Within the US, this transformation has been linked to the turn to mass incarceration (and dismantling of systems of mass access to education, healthcare, social services, and jobs). The building of prisons for mass incarceration resolved problems associated with surplus populations (warehousing some portions of the surplus population in regions that create jobs and political capital for others), surplus capital (providing sites of investment as well as extraction), and surplus state power.22 To explain this final point, Gilmore argues that since the 1970s “the state built itself by building prisons fashioned from surpluses that the newly developing political economy had not absorbed in other ways.”23 This neoliberal state derived political power from claiming to shrink the state, specifically its welfare functions, while actually building the state apparatus through anti-immigrant legislation, three-strikes laws, and drug-related mandatory sentencing. This allowed the state to absorb anti-racist social-justice movements of the 1960s and 1970s by creating formally race-neutral (non–white supremacist) policies that nevertheless result in explicitly racist effects, such that prisons incarcerate wildly disproportionate numbers of people of color.24 The racist outcomes of post-1970s policing and detention have often been linked to the economic restructuring of the United States to maximize the flow of transnational capital by sharpening international divisions of labor. They are also central to the reorganization of gender and sexual norms for political and economic purposes, including the elaboration of new penalties for often racialized and class-demarcated gender and sexual transgression.25 As Gilmore summarizes this transformation: “The crisis of state capacity then became, peculiarly, its own solution, as the welfare-warfare state began the transformation, bit by bit, to the permanent crisis workfare-warfare state, whose domestic militarism concretely recapitulated in the landscapes of depopulated urban communities and rural prison towns.”26
The rise of post 1970s mass incarceration is not therefore merely about prisons per se, but more broadly about a transformation in the systems that define and distribute human value, including what precisely humans deserve, and who is accountable to provide this for them; education is one of these systems. In the 1960s and 1970s, radical movements for racial, sexual, and gendered liberation crystallized longstanding struggles over state power, including its function in the redistribution of wealth, its regulation of labor and financial markets, and its commitment to infrastructural support for all.
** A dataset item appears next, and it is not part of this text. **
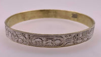 Sterling silver. Estate patterned slip-on bangle. Fits up to an 8" wrist.

These claims included educational access as part of infrastructural redistribution—affirmative action being the most limited outcome of demands for full equality of educational institutions and entrance into higher education. The 1980s and 1990s might be equally characterized as periods of radical struggles over economic justice, but this time the welfare state itself was the target. Here neoliberal activists (both politically liberal and conservative) sought to shrink the state’s role in redistribution, regulation, and infrastructural guarantees, including a specific attack on public access to higher education. In the turn from race to crime as the logic of disentitlement (and the expansion of crime to include a broad range of practices associated once again with poverty, vagrancy, or kinship), a huge swath of the human population is moved from state-supported education into state-supported incarceration (and the state is reduced to the legal and policy mechanism for corporate rule).27 In so doing, the capacity to sustain self-determined social life-worlds is dramatically impoverished; communities are fractured and relationships frayed by geographies of prison placement and temporalities of doing time. Theorizing more broadly, Dylan Rodríguez suggests that “the prison is less a ‘destination’ point for ‘the duly convicted’ than a point of massive human departure—from civil society, the free world, and the mesh of affective social bonds and relations that produce varieties of ‘human’ family and community.”28
II. Education Justice
Such a “massive human departure” is facilitated in the later twentieth and early twenty-first century by the promise of a “selective human return”: philanthropic efforts help to lift up the most worthy among the disentitled masses. As public entitlements shrink and market-based responses rise, non-profit organizations frequently step in to provide distributive and service functions. What were once grassroots struggles against the welfare state have become through neoliberal pressure part of what Gilmore calls “the shadow of the shadow state,” which “take[s] responsibility for persons who are in the throes of abandonment rather than responsibility for persons progressing toward full incorporation into the body politic.”29 These organizations play a specific role in buffering limited access for the poor or working classes, seeking a combination of public and private funding to offer minimal versions of a social safety net.30 In relation to education, neoliberal activism targets systems of public entitlement to higher education, offering private solutions to raise worthy individuals from their mass problems. Increasingly philanthropic and private efforts are called upon to provide even minimal access to what was once “public” education. This is particularly true for efforts to provide access to higher education within prisons themselves.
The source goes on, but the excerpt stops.